Governo ignora preocupações da CE sobre resorts turísticos

18 de setembro 2010 - 0:40

A Comissão Europeia pede a Portugal o cumprimento da legislação ambiental comunitária no que diz respeito a 5 projectos turísticos aprovados para o litoral e ameaça com recurso no Tribunal de Justiça Europeu. Bloco questionou o Ministério do Ambiente mas este diz que não é bem assim.

PARTILHAR
A Europa perdeu 40% dos habitats de duna desde 1900, um terço dos quais desde 1977. A principal ameaça reside no desenvolvimento costeiro e turístico. Foto António Campos, Quercus.

Numa nota de imprensa publicada no site da própria Comissão Europeia (CE), a 24 de Junho de 2010, consta que a CE está preocupada com o facto de ter sido concedida uma licença de construção para dois mega empreendimentos turísticos, o Costa Terra e Pinheirinho, numa área de 200 hectares, ao longo de 2 km da costa dos concelhos de Alcácer do Sal e Grândola, parcialmente situados na Rede Natura 2000 (Sítio Comporta‐Galé) e cujos impactes ambientais em habitats e espécies protegidas poderão ter como consequência “a perda definitiva das áreas protegidas sensíveis”.

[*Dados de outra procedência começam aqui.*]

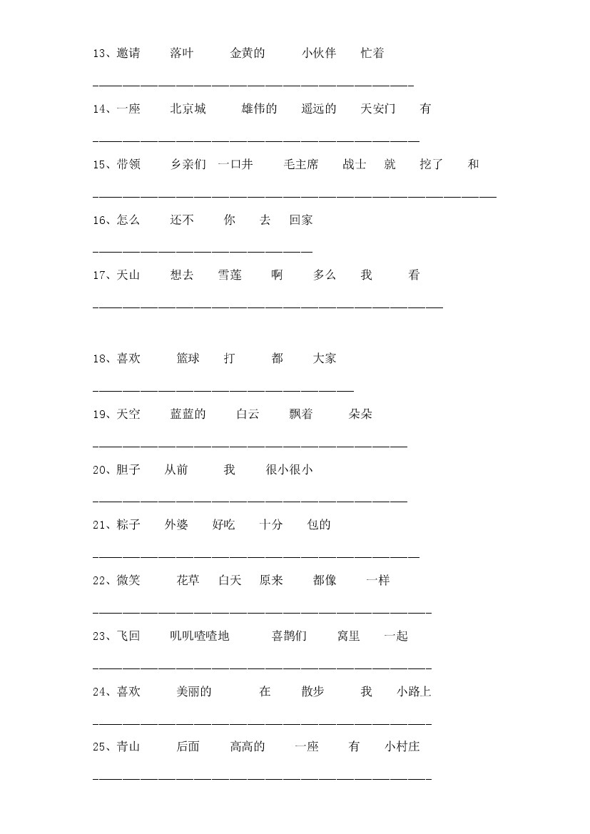 首页 > 全部 > 专项练习 > 一年级(上)语文 连词成句专项练习

Assim, a CE pediu a Portugal o cumprimento da legislação ambiental comunitária, mostrando receio “que as zonas integradas na rede Natura 2000 situadas no litoral, entre Lisboa e a região do Algarve, estejam gravemente ameaçadas”.

Em resposta, o Governo português comprometeu‐se a mitigar os impactes negativos através de várias medidas adicionais. Acontece que até ao momento nenhuma das medidas foi instituída, o que levou a Comissão a notificar Portugal, pedindo uma resposta satisfatória no prazo de 2 meses, ameaçando colocar o caso no Tribunal de Justiça da União Europeia.

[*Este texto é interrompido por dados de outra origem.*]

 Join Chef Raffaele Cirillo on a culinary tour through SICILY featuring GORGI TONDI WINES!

Já em 2008 a CE tinha aberto um processo contra Portugal por ter detectado irregularidades graves nas respectivas Avaliações de Impacte Ambiental (AIA), em especial por não terem sido estudados os impactes cumulativos dos vários projectos turísticos previstos para a mesma zona, nem os impactes relacionados com a fragmentação do território.

No entanto, a CE parece ter agravado as suas preocupações por ter tido conhecimento de outros três projectos turísticos autorizados para o mesmo Sítio da Comporta‐Galé, os quais, em conjunto com os resort de Costa Terra e Pinheirinho, representam um total de 50.000 camas, e cujo impacto cumulativo também não foi avaliado. Estes outros projectos são a Herdade da Comporta/Carvalhal , Herdade da Comporta/Comporta e Costa de Santo André.

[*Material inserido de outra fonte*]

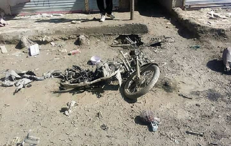 د دغې ولسوالۍ امنيه قومندان محمد رضا پاچا رسنيو ته ويلي، نن له غرمې مخکې د ولسوالۍ په بازار کې په موټرسايکل پسې تړليو چاودېدونکو توکو چاودنه کړې چې له کبله يې ياد مرګ ژوبله رامنځته کړې ده.

O Comissário Europeu de Ambiente Janez Potočnik chegou a dirigir um apelo a Portugal, por ocasião desta notificação, para que o país tenha “uma perspectiva de longo prazo nesta área, e para agir rapidamente para garantir a sua protecção adequada”.

Foram então enviados, pela CE, mais três pareceres fundamentados relativos a estâncias turísticas integradas na rede Natura 2000 no Sul de Portugal, duas na região do Algarve e uma no Sul do Alentejo. 

Ministério do Ambiente contradiz informação da Comissão Europeia

O Bloco de Esquerda questionou o Ministério do Ambiente (MA) sobre estas advertências da CE, mas na resposta este refere que apenas recebeu da Comissão parecer fundamentado, no quadro do procedimento por infracção da UE, em relação aos projectos turísticos denominados como "Costa Terra" e "Herdade do Pinheirinho", não tendo sido objecto de “processo comunitário quaisquer outros projectos turísticos” ou sido manifestadas outras “preocupações da Comissão Europeia”.

Além disto, o MA nega também a veracidade da informação constante na nota de imprensa da própria CE, nomeadamente quanto às medidas de minimização para além das expressas na avaliação de impacte ambiental dos projectos em causa, sobre as quais estaria o Governo português em falta.

Tendo em conta as contradições entre a resposta do MA e a nota de imprensa da própria CE, o Bloco de Esquerda já fez um requerimento, pedindo os vários documentos envolvidos neste processo.